Problem statement: When copying the entries below, leave out every picture and keep the rest exact.

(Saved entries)
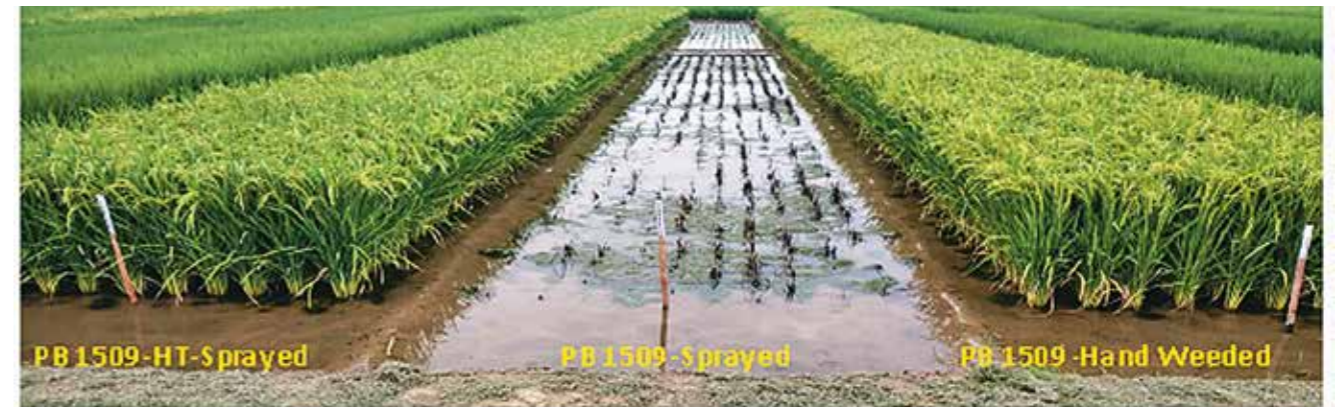
Figure 1. Herbicide tolerant (Ht) direct seeded basmati rice

Thanks to Green Revolution in late sixties, we have been successful in increasing food grain production by six and half-fold (323.5 mt) as against four and half-fold increase in population. From net importing nation, India has emerged as a significant agriculture exporter fetching around US $ 55 billion annually. No doubt, these gains have come at the cost of adverse spill-over effects on natural resources, besides climate change. India also witnessed remarkable achievements in horticulture (341.5 mt), milk production (210 mt), and the fish production (14.2 mt). Also, the country's buffer stock of food grains reached to almost 95 mt by 2020. These impressive gains in agricultural output, productivity, and poverty reduction highlight India's remarkable progress towards food security and improved livelihood for millions of smallholder farmers. The cradles of success of different revolutions (green, white, blue, rainbow) include political
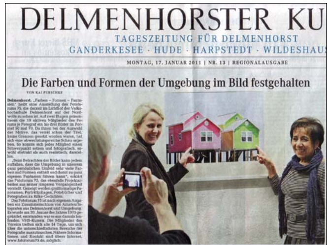
A photo of Beachcomber Cottages taken by a German tourist visiting Corpus was included in an exhibition.
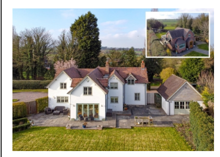
Oaklea and The Cottage, Damson Lane, Weston Heath, Shifnal
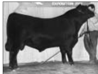
► Intermediate champion bull, Bear Mtn. Freightliner 2301 , by Bear Mountain Angus Ranch, Melba, Idaho. He's a May 2002 son of Connealy Freightliner.
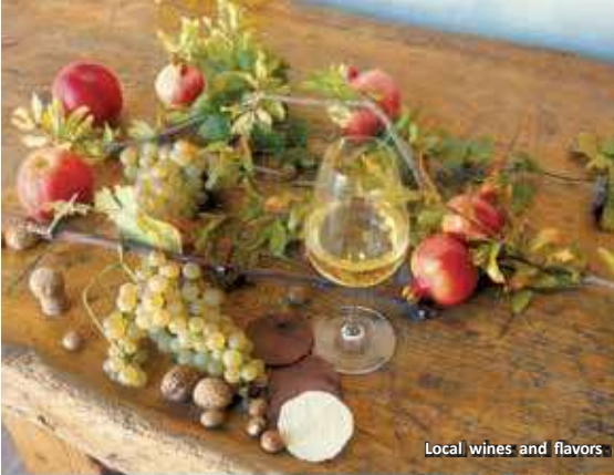
Local wines and flavors
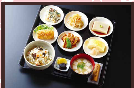
Yatsuhashi Set Meal ¥1,800
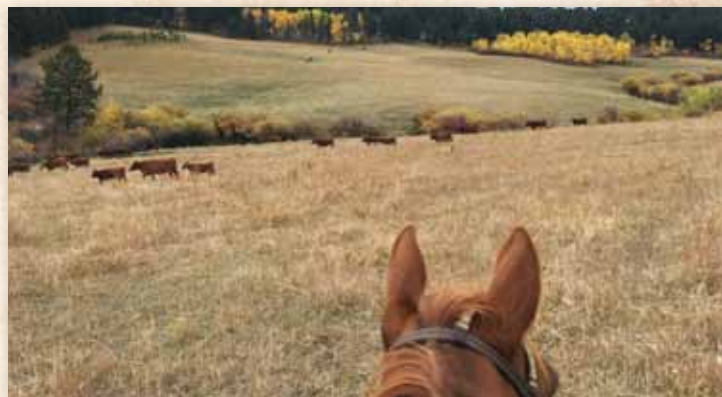
Pulling pairs out of the mountains in the fall.
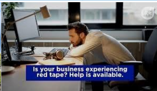
Is your business experiencing red tape? Help is available.
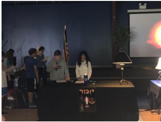
Announcing a moment of silence
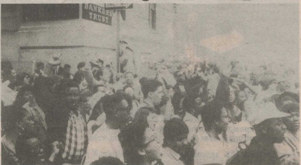
CUNY students demonstrate in Manhattan against tuition hikes.

Last year students at the City University of New York (CUNY) rose up at 17 campuses to defeat budget cuts and a $200-a-year increase in tultion. Buildings were seized at 13 colleges, and 10,000 students and staff took part in an 11hour protest march and rally.
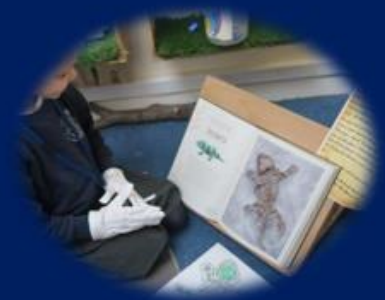
A letter from Mary Anning
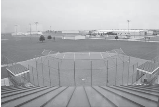
A view from the tower at the Smith Softball Complex in Hastings.

area, showed a map of the current properties, and explained DU’s process of purchasing and restoring properties and often putting them back on the market with a conservation easement in place. Tim and Matt discussed the high diversity local “ecotype” seed used on the restorations and the general techniques used in the wetland and upland to complete the restoration. We toured multiple sites that were in various
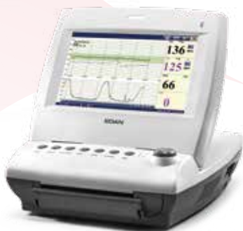
F6 Fetal & Maternal Monitor
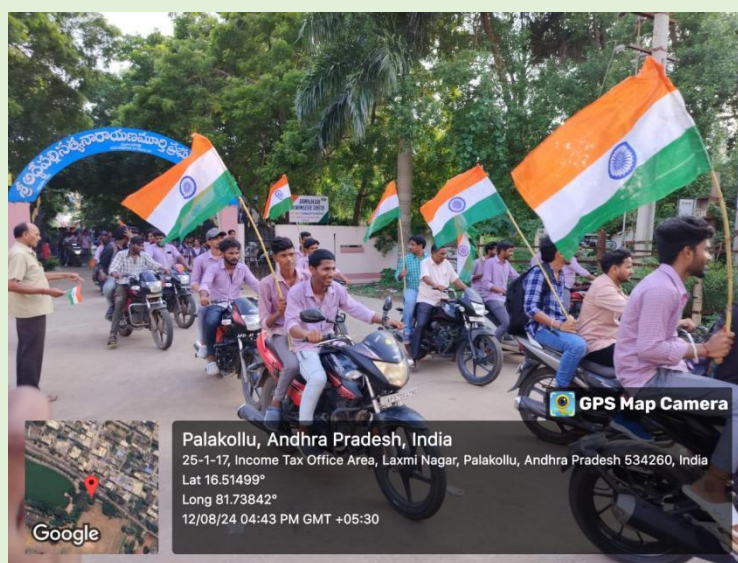
"Har Ghar Tiranga" Bike Rally by students and staff

The "Har Ghar Tiranga" Bike Rally was a dynamic and patriotic event aimed at promoting unity and national pride among participants and spectators alike. With riders waving the vibrant Indian tricolor, the rally journeyed through towns and villages, creating a visually inspiring spectacle that resonated deeply with citizens. This initiative was more than just a display of patriotism; it symbolized the collective strength and unity of the nation. Participants of all ages, from diverse backgrounds, joined hands to spread the message of togetherness and pride in India's rich heritage and democratic ideals. As the rally progressed, it became a moving celebration of freedom and national identity, evoking a sense of belonging and shared responsibility for the nation's progress. By reaching every corner, from bustling urban centers to serene rural landscapes, the rally reinforced the idea that the spirit of the tricolor unites us all, regardless of our differences, as proud citizens of India.
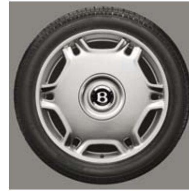
19"x8| 6 TWIN-SPOKE DISC ALUMINIUM ALLOY
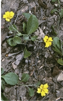
Flowering plants (subsp. hederacea ). between Araluen and Mbruya
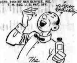
NEXT: Where they can down antelopes.
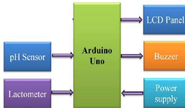
Figure 2: Block diagram of Milk parameter measurement system

This microcontroller comes from a company called Atmel and the chip is known as an AVR. It is slow in modern terms, running at only 16Mhz with an 8-bit core, and has a very limited amount of available memory, with 32 kilobytes of storage and 2 kilobytes of random access memory. The interface board is known for its rather quirky design—just ask the die-hards about standardized pin spacing—but it also epitomizes the minimalist mantra of only making things as complicated as they absolutely need to be. Its design is not entirely new or revolutionary, beginning with a curious merger of two, off-the-shelf reference designs, one for an inexpensive microcontroller and the other for a USB-to-serial converter, with a handful of other useful components all wrapped up in a single board. Its predecessors include the venerable BASIC Stamp, which got its start as early as 1992, as well as the OOPic, Basic ATOM, BASICX24, and the PICAXE.
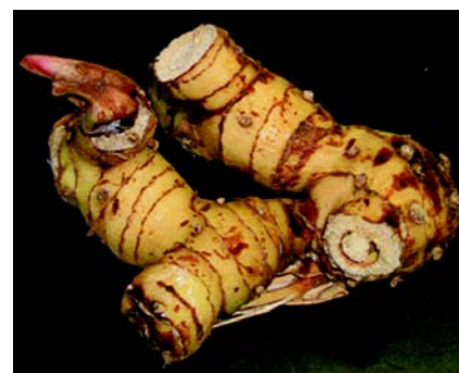
Rhizome of Costus speciosus
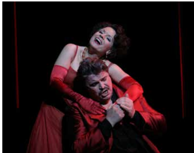
A scene from one of Theodor Herzl's favorite operas— Tannhäuser .
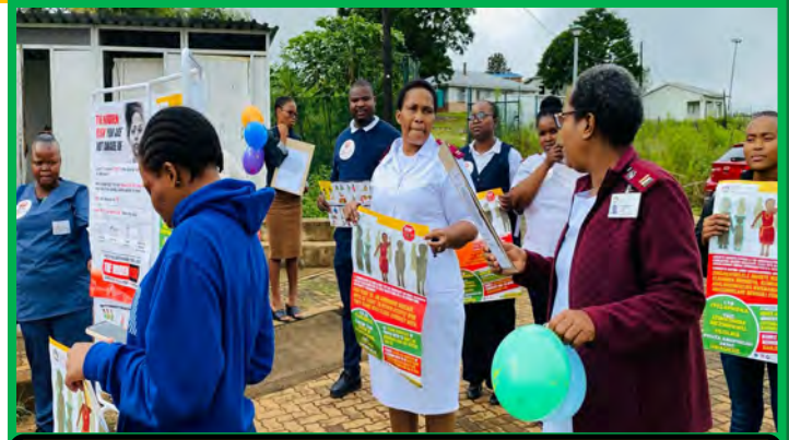
MBONGONGOLWANE H: LETS END TB TOGETHER

spreads, we also told them that this is a serious treatable, and many have been cured of the infectious disease. We promoted efforts to end disease by taking the right medication in the the global TB epidemic. World TB day is correct manner. Symptoms of TB are likely to be; Fatigue, Prolonged coughing sometimes with blood, Fever, night sweats, weight loss and chest pains. TB also affects your lungs, spine, brain or kidney. TB can spread when a person with active TB coughs, sneezes, talks, sings or even laughing. TB can only be diagnosed using skin or blood test, lab test on sputum and lung

Your response:
Figure 1. Herbicide tolerant (Ht) direct seeded basmati rice

Thanks to Green Revolution in late sixties, we have been successful in increasing food grain production by six and half-fold (323.5 mt) as against four and half-fold increase in population. From net importing nation, India has emerged as a significant agriculture exporter fetching around US $ 55 billion annually. No doubt, these gains have come at the cost of adverse spill-over effects on natural resources, besides climate change. India also witnessed remarkable achievements in horticulture (341.5 mt), milk production (210 mt), and the fish production (14.2 mt). Also, the country's buffer stock of food grains reached to almost 95 mt by 2020. These impressive gains in agricultural output, productivity, and poverty reduction highlight India's remarkable progress towards food security and improved livelihood for millions of smallholder farmers. The cradles of success of different revolutions (green, white, blue, rainbow) include political
A photo of Beachcomber Cottages taken by a German tourist visiting Corpus was included in an exhibition.
Oaklea and The Cottage, Damson Lane, Weston Heath, Shifnal
► Intermediate champion bull, Bear Mtn. Freightliner 2301 , by Bear Mountain Angus Ranch, Melba, Idaho. He's a May 2002 son of Connealy Freightliner.
Local wines and flavors
Yatsuhashi Set Meal ¥1,800
Pulling pairs out of the mountains in the fall.
Is your business experiencing red tape? Help is available.
Announcing a moment of silence
CUNY students demonstrate in Manhattan against tuition hikes.

Last year students at the City University of New York (CUNY) rose up at 17 campuses to defeat budget cuts and a $200-a-year increase in tultion. Buildings were seized at 13 colleges, and 10,000 students and staff took part in an 11hour protest march and rally.
A letter from Mary Anning
A view from the tower at the Smith Softball Complex in Hastings.

area, showed a map of the current properties, and explained DU’s process of purchasing and restoring properties and often putting them back on the market with a conservation easement in place. Tim and Matt discussed the high diversity local “ecotype” seed used on the restorations and the general techniques used in the wetland and upland to complete the restoration. We toured multiple sites that were in various
F6 Fetal & Maternal Monitor
"Har Ghar Tiranga" Bike Rally by students and staff

The "Har Ghar Tiranga" Bike Rally was a dynamic and patriotic event aimed at promoting unity and national pride among participants and spectators alike. With riders waving the vibrant Indian tricolor, the rally journeyed through towns and villages, creating a visually inspiring spectacle that resonated deeply with citizens. This initiative was more than just a display of patriotism; it symbolized the collective strength and unity of the nation. Participants of all ages, from diverse backgrounds, joined hands to spread the message of togetherness and pride in India's rich heritage and democratic ideals. As the rally progressed, it became a moving celebration of freedom and national identity, evoking a sense of belonging and shared responsibility for the nation's progress. By reaching every corner, from bustling urban centers to serene rural landscapes, the rally reinforced the idea that the spirit of the tricolor unites us all, regardless of our differences, as proud citizens of India.
19"x8| 6 TWIN-SPOKE DISC ALUMINIUM ALLOY
Flowering plants (subsp. hederacea ). between Araluen and Mbruya
NEXT: Where they can down antelopes.
Figure 2: Block diagram of Milk parameter measurement system

This microcontroller comes from a company called Atmel and the chip is known as an AVR. It is slow in modern terms, running at only 16Mhz with an 8-bit core, and has a very limited amount of available memory, with 32 kilobytes of storage and 2 kilobytes of random access memory. The interface board is known for its rather quirky design—just ask the die-hards about standardized pin spacing—but it also epitomizes the minimalist mantra of only making things as complicated as they absolutely need to be. Its design is not entirely new or revolutionary, beginning with a curious merger of two, off-the-shelf reference designs, one for an inexpensive microcontroller and the other for a USB-to-serial converter, with a handful of other useful components all wrapped up in a single board. Its predecessors include the venerable BASIC Stamp, which got its start as early as 1992, as well as the OOPic, Basic ATOM, BASICX24, and the PICAXE.
Rhizome of Costus speciosus
A scene from one of Theodor Herzl's favorite operas— Tannhäuser .
MBONGONGOLWANE H: LETS END TB TOGETHER

spreads, we also told them that this is a serious treatable, and many have been cured of the infectious disease. We promoted efforts to end disease by taking the right medication in the the global TB epidemic. World TB day is correct manner. Symptoms of TB are likely to be; Fatigue, Prolonged coughing sometimes with blood, Fever, night sweats, weight loss and chest pains. TB also affects your lungs, spine, brain or kidney. TB can spread when a person with active TB coughs, sneezes, talks, sings or even laughing. TB can only be diagnosed using skin or blood test, lab test on sputum and lung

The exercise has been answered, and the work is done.